**Exercise:** The lines wanted are those in the data below that include "this".
==== Exercise materials
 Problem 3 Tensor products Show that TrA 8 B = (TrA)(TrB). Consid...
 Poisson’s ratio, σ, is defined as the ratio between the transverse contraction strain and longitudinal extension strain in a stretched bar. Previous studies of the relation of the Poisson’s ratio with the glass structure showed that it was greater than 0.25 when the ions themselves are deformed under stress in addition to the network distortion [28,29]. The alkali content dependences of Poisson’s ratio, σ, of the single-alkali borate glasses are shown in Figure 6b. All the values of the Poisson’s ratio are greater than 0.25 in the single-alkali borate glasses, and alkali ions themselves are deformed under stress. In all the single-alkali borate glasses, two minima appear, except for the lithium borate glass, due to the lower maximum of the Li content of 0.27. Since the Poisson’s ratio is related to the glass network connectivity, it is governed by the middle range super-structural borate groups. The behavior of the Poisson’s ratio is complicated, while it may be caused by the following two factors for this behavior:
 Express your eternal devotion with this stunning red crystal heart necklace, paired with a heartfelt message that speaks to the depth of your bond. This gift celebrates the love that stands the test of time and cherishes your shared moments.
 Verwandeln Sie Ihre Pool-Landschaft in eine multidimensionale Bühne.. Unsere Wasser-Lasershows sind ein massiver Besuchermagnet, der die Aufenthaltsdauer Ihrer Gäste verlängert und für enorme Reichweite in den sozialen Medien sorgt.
========
==== Exercise materials
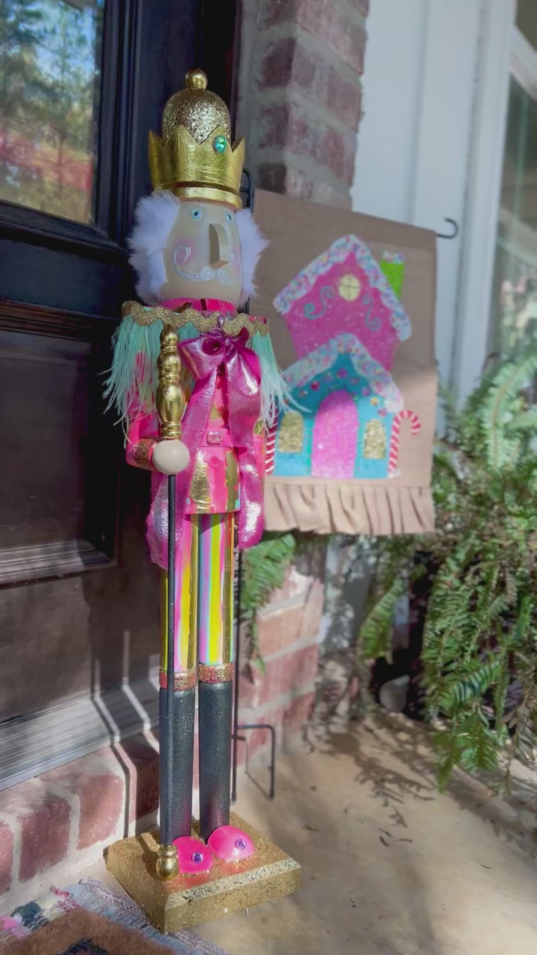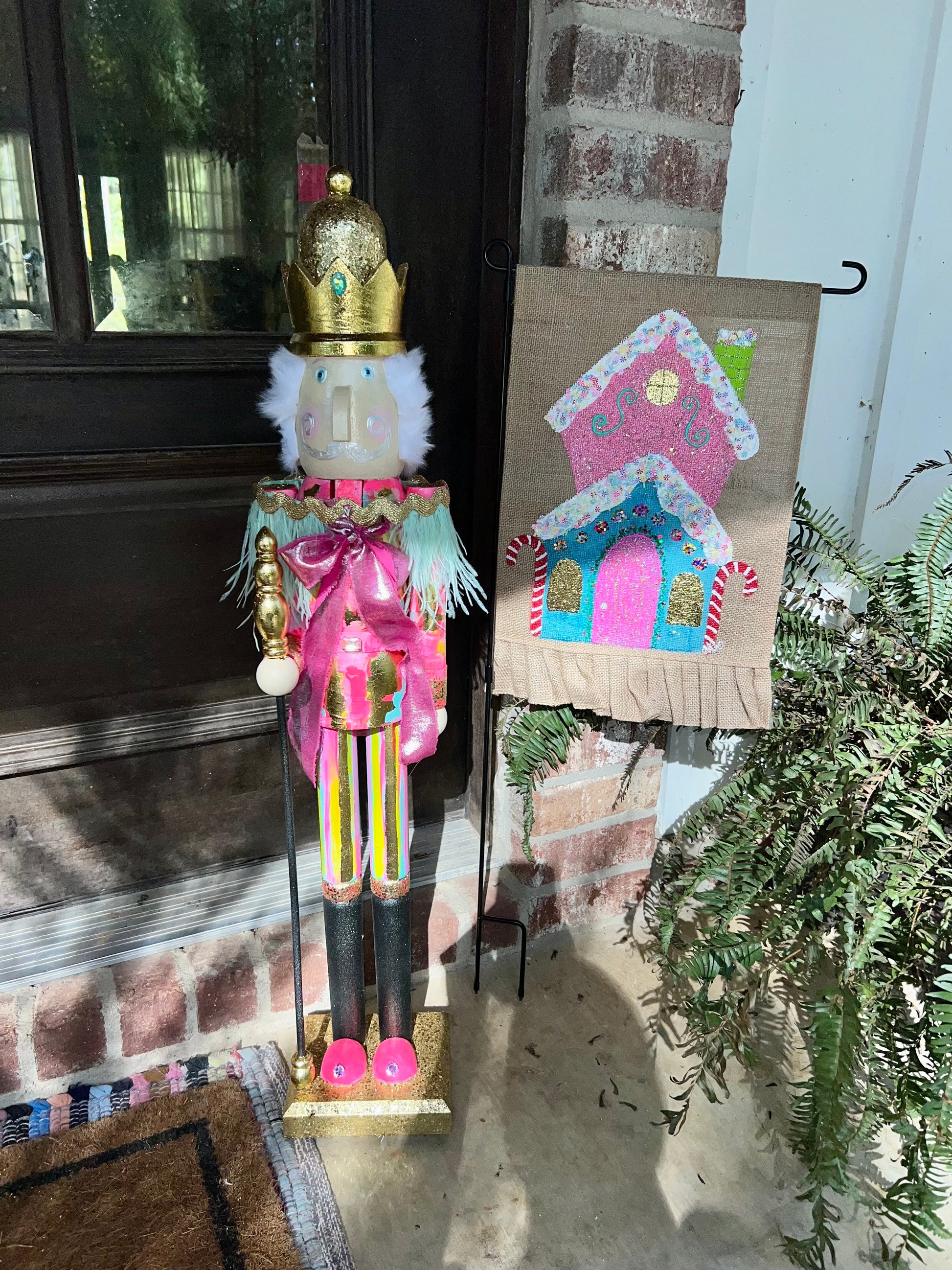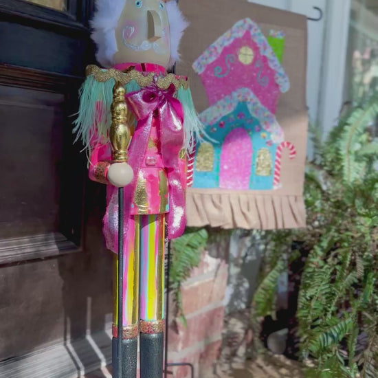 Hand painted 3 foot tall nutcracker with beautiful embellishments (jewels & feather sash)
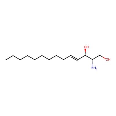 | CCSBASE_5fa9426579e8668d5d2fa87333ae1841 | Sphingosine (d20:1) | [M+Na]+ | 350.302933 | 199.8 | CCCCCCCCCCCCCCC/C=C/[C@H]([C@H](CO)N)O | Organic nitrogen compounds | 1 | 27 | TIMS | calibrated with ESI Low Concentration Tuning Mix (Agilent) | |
========
**Exercise result:**
 Poisson’s ratio, σ, is defined as the ratio between the transverse contraction strain and longitudinal extension strain in a stretched bar. Previous studies of the relation of the Poisson’s ratio with the glass structure showed that it was greater than 0.25 when the ions themselves are deformed under stress in addition to the network distortion [28,29]. The alkali content dependences of Poisson’s ratio, σ, of the single-alkali borate glasses are shown in Figure 6b. All the values of the Poisson’s ratio are greater than 0.25 in the single-alkali borate glasses, and alkali ions themselves are deformed under stress. In all the single-alkali borate glasses, two minima appear, except for the lithium borate glass, due to the lower maximum of the Li content of 0.27. Since the Poisson’s ratio is related to the glass network connectivity, it is governed by the middle range super-structural borate groups. The behavior of the Poisson’s ratio is complicated, while it may be caused by the following two factors for this behavior:
 Express your eternal devotion with this stunning red crystal heart necklace, paired with a heartfelt message that speaks to the depth of your bond. This gift celebrates the love that stands the test of time and cherishes your shared moments.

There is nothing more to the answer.